---------- MATERIAL FOR THE TASK ----------

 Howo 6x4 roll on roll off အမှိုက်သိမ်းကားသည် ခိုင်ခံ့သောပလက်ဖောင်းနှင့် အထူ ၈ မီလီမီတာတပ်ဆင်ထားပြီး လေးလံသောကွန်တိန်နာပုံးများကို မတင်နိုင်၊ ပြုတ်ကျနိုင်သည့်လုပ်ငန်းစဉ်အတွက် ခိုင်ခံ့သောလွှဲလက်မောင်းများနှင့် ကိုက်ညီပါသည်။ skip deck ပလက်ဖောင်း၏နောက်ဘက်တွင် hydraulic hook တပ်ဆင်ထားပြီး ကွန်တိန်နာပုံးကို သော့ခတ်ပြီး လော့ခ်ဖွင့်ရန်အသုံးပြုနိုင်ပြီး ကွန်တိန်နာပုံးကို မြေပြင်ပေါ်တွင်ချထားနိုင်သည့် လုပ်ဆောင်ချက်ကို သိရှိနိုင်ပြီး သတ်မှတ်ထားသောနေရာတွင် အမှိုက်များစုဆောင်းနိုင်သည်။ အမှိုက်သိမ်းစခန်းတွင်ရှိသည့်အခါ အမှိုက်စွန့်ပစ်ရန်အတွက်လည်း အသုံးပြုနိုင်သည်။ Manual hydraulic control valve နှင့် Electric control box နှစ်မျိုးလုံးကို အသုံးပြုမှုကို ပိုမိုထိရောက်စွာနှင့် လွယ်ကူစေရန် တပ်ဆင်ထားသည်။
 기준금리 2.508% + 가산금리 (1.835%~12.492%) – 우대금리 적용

----------
---------- MATERIAL FOR THE TASK ----------

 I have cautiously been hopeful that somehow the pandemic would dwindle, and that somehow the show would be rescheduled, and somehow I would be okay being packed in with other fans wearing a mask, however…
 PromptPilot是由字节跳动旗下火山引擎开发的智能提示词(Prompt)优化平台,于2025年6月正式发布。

----------
---------- MATERIAL FOR THE TASK ----------

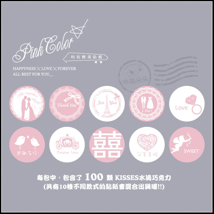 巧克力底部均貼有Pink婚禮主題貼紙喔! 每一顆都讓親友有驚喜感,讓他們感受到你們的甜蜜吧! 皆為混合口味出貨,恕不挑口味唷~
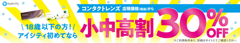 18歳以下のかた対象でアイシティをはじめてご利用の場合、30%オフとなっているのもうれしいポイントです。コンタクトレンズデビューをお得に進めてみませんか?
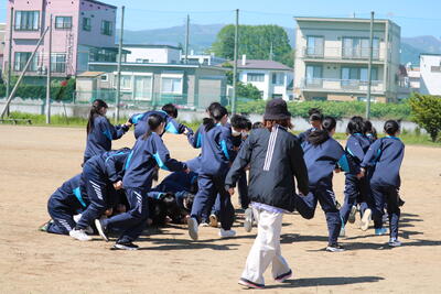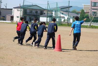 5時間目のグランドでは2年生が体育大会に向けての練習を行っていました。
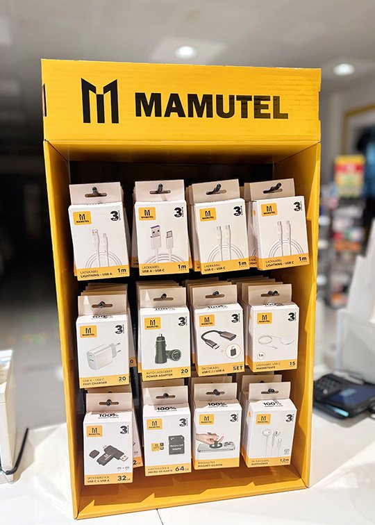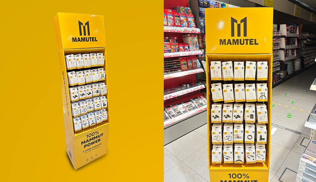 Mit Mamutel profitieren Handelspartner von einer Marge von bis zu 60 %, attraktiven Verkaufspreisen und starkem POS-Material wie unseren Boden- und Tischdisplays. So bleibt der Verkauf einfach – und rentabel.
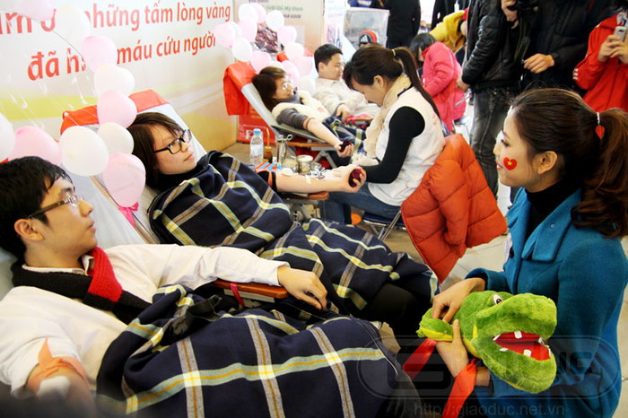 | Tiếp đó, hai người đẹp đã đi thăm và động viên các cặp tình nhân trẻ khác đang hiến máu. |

----------

◆ **REQUIRED WORK**
Taking the records above, retype every line from the one with "Howo 6x4 roll" down to the one with "기준금리 2.508% +", exactly and with nothing else.

◆ **EXPECTED ANSWER**
 Howo 6x4 roll on roll off အမှိုက်သိမ်းကားသည် ခိုင်ခံ့သောပလက်ဖောင်းနှင့် အထူ ၈ မီလီမီတာတပ်ဆင်ထားပြီး လေးလံသောကွန်တိန်နာပုံးများကို မတင်နိုင်၊ ပြုတ်ကျနိုင်သည့်လုပ်ငန်းစဉ်အတွက် ခိုင်ခံ့သောလွှဲလက်မောင်းများနှင့် ကိုက်ညီပါသည်။ skip deck ပလက်ဖောင်း၏နောက်ဘက်တွင် hydraulic hook တပ်ဆင်ထားပြီး ကွန်တိန်နာပုံးကို သော့ခတ်ပြီး လော့ခ်ဖွင့်ရန်အသုံးပြုနိုင်ပြီး ကွန်တိန်နာပုံးကို မြေပြင်ပေါ်တွင်ချထားနိုင်သည့် လုပ်ဆောင်ချက်ကို သိရှိနိုင်ပြီး သတ်မှတ်ထားသောနေရာတွင် အမှိုက်များစုဆောင်းနိုင်သည်။ အမှိုက်သိမ်းစခန်းတွင်ရှိသည့်အခါ အမှိုက်စွန့်ပစ်ရန်အတွက်လည်း အသုံးပြုနိုင်သည်။ Manual hydraulic control valve နှင့် Electric control box နှစ်မျိုးလုံးကို အသုံးပြုမှုကို ပိုမိုထိရောက်စွာနှင့် လွယ်ကူစေရန် တပ်ဆင်ထားသည်။
 기준금리 2.508% + 가산금리 (1.835%~12.492%) – 우대금리 적용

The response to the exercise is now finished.